→ Exercise aim: Reproduce exactly the lines below, from the first one through the line containing "Подробный решебник (ГДЗ)", and omit any pictures.

→ Given data:

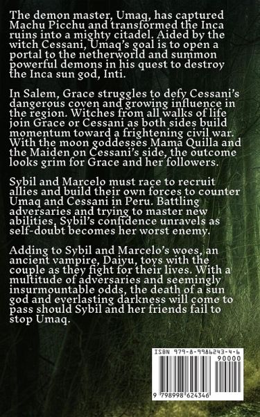 The demon master, Umaq, has captured Machu Picchu and transformed the Inca ruins into a mighty citadel. Aided by the witch Cessani, Umaq's goal is to open a portal to the netherworld and summon powerful demons in his quest to destroy the Inca sun god, Inti. In Salem, Grace struggles to defy Cessani's dangerous coven and growing influence in the region. Witches from all walks of life join Grace or Cessani as both sides build momentum toward a frightening civil war. With the moon goddesses Mama Quilla and the Maiden on Cessani's side, the outcome looks grim for Grace and her followers. Sybil and Marcelo must race to recruit allies and build their own forces to counter Umaq and Cessani in Peru. Battling adversaries and trying to master new abilities, Sybil's confidence unravels as self-doubt becomes her worse enemy. Adding to Sybil and Marcelo's woes, an ancient vampire named Daiyu toys with the couple as they fight for their lives. With a multitude of adversaries and seemingly insurmountable odds, the death of a sun god and everlasting darkness will come to pass should Sybil and her friends fail to stop Umaq.
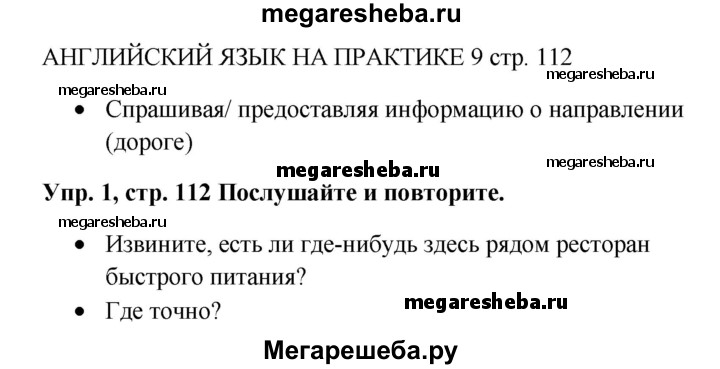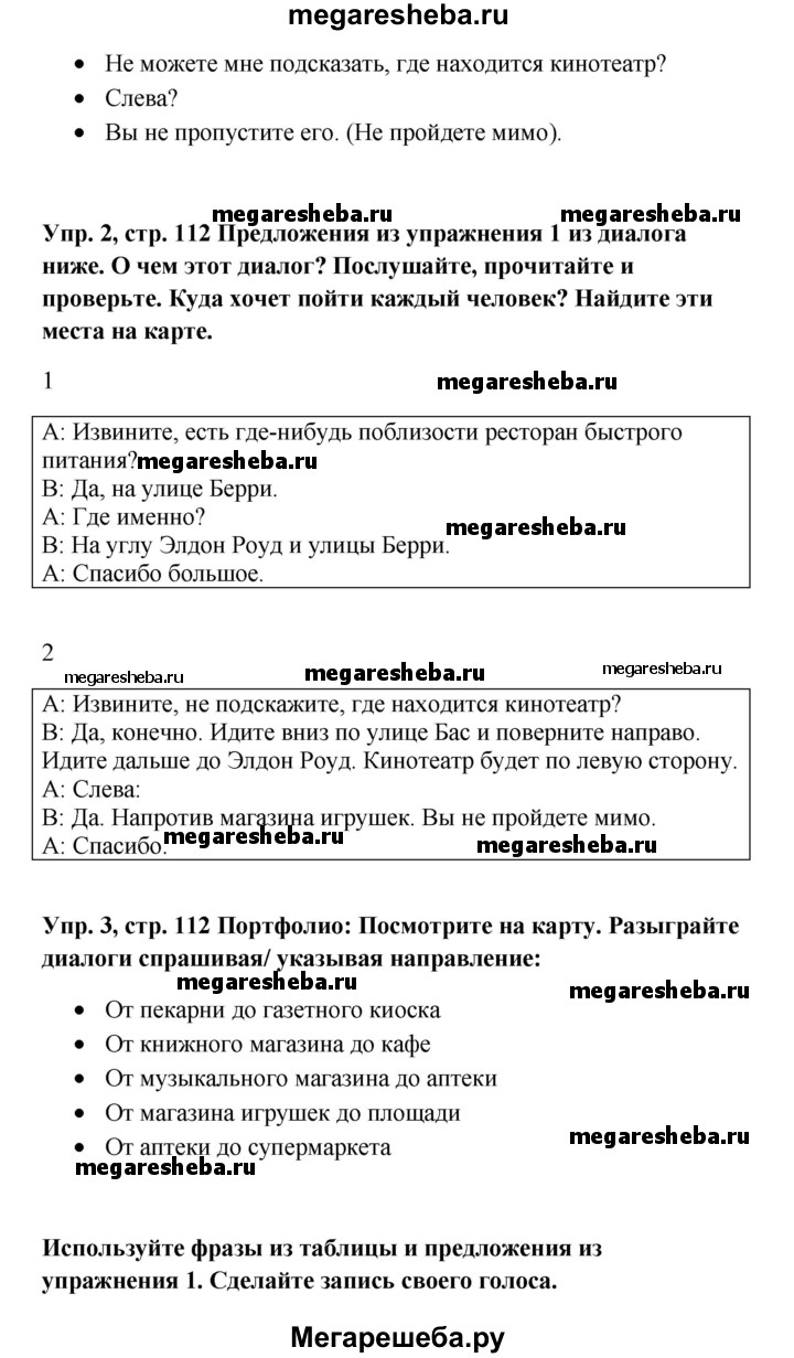Подробный решебник (ГДЗ) по Английскому языку за 5 (пятый) класс Spotlight, student's book - готовый ответ страница - 112. Авторы учебника: Ваулина, Дули, Подоляко, Эванс. Издательство: Просвещение 2015-2025.
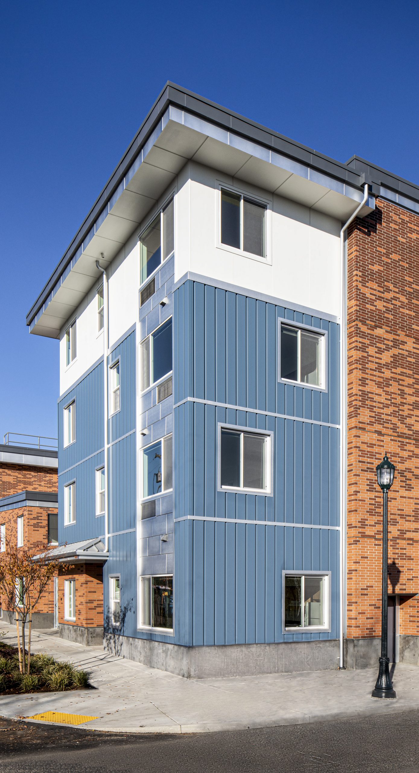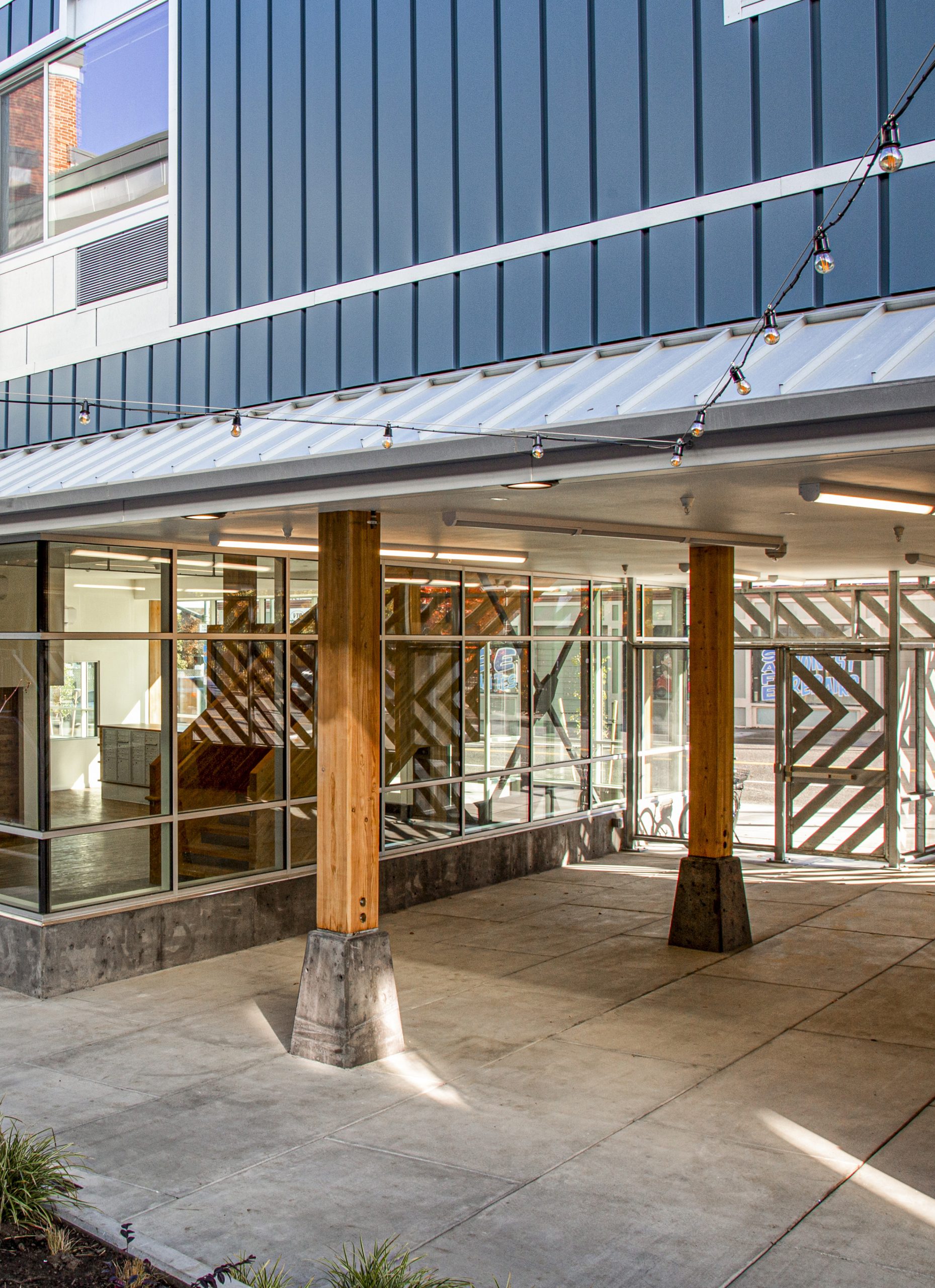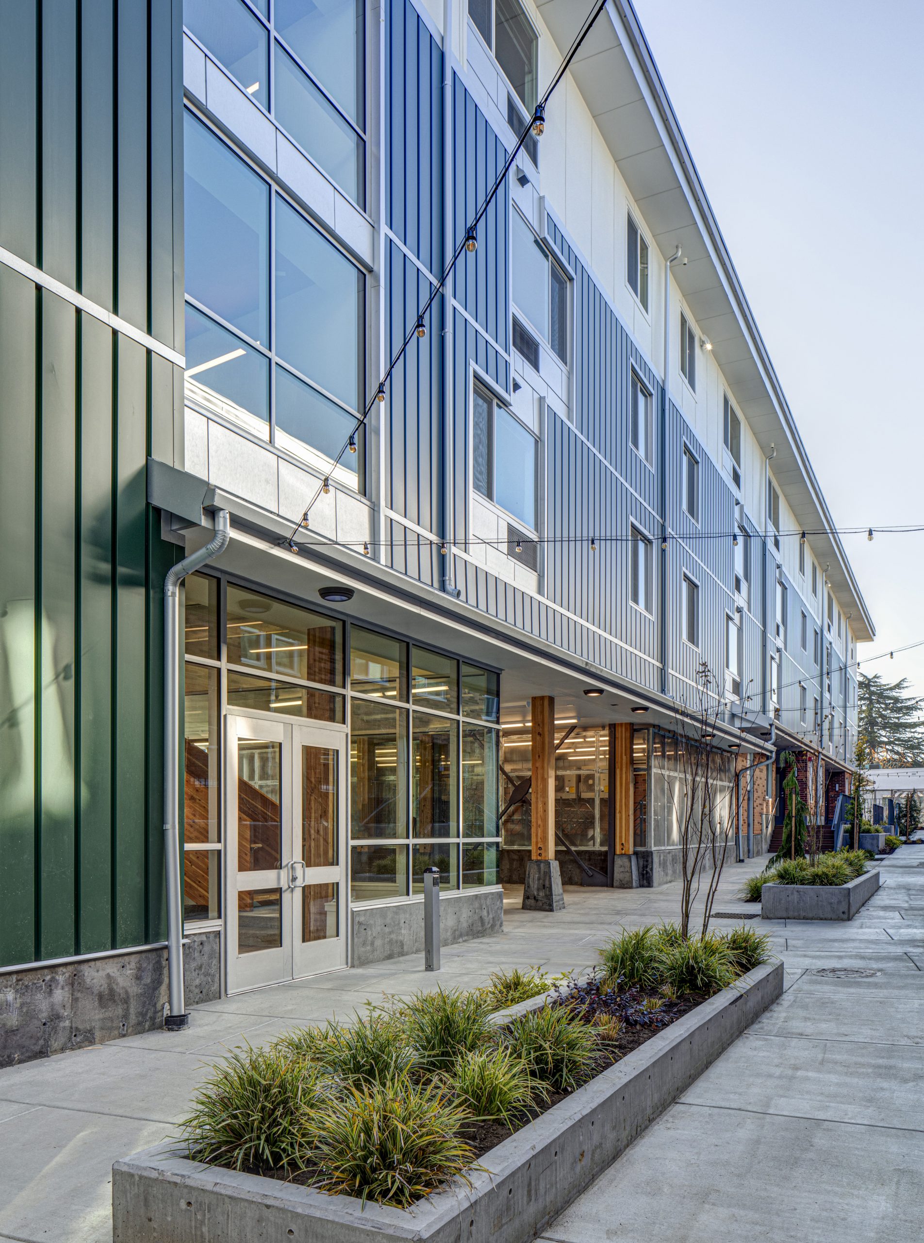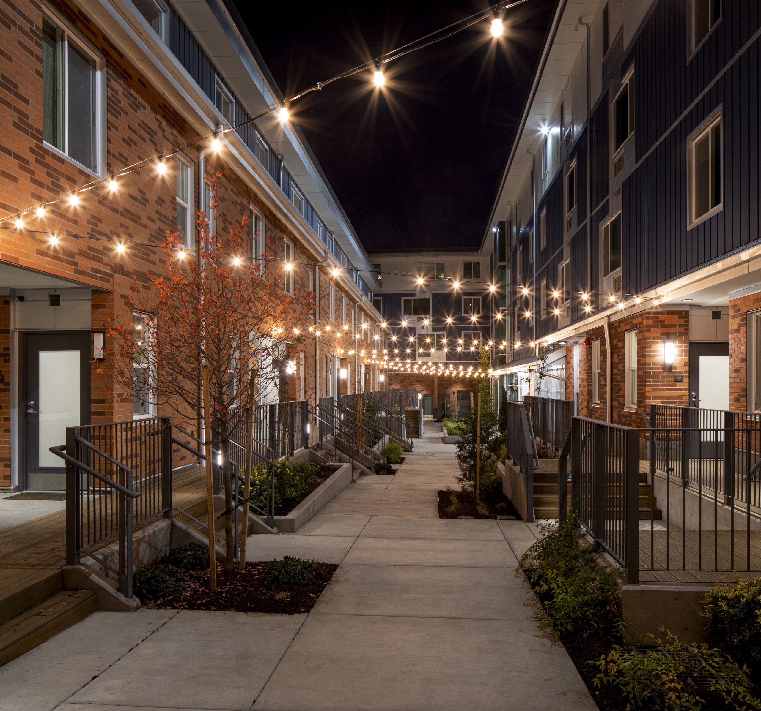 King + Parks is a four-story and 83,000 SF apartment building with 70 multifamily homes, including 12 two-story townhomes, located in the historic Piedmont neighborhood. Led by PCRI and the community-centered vision of the North/Northeast Neighborhood Housing Strategy, King + Parks provides affordable housing with preference to North and Northeast Portland residents, many of whom were negatively impacted or displaced by inattentive efforts to revitalize the area over several decades. The courtyard is the central focus of this U-shaped structure with rows of townhome-style units complementing the community spaces with gardens, sitting areas, bike storage and repair stations, energy-efficient features, and sustainable design; bioswale drainage systems, Low E for solar heat transfer, and energy-efficient design.

→ Solution for this task:
 The demon master, Umaq, has captured Machu Picchu and transformed the Inca ruins into a mighty citadel. Aided by the witch Cessani, Umaq's goal is to open a portal to the netherworld and summon powerful demons in his quest to destroy the Inca sun god, Inti. In Salem, Grace struggles to defy Cessani's dangerous coven and growing influence in the region. Witches from all walks of life join Grace or Cessani as both sides build momentum toward a frightening civil war. With the moon goddesses Mama Quilla and the Maiden on Cessani's side, the outcome looks grim for Grace and her followers. Sybil and Marcelo must race to recruit allies and build their own forces to counter Umaq and Cessani in Peru. Battling adversaries and trying to master new abilities, Sybil's confidence unravels as self-doubt becomes her worse enemy. Adding to Sybil and Marcelo's woes, an ancient vampire named Daiyu toys with the couple as they fight for their lives. With a multitude of adversaries and seemingly insurmountable odds, the death of a sun god and everlasting darkness will come to pass should Sybil and her friends fail to stop Umaq.
Подробный решебник (ГДЗ) по Английскому языку за 5 (пятый) класс Spotlight, student's book - готовый ответ страница - 112. Авторы учебника: Ваулина, Дули, Подоляко, Эванс. Издательство: Просвещение 2015-2025.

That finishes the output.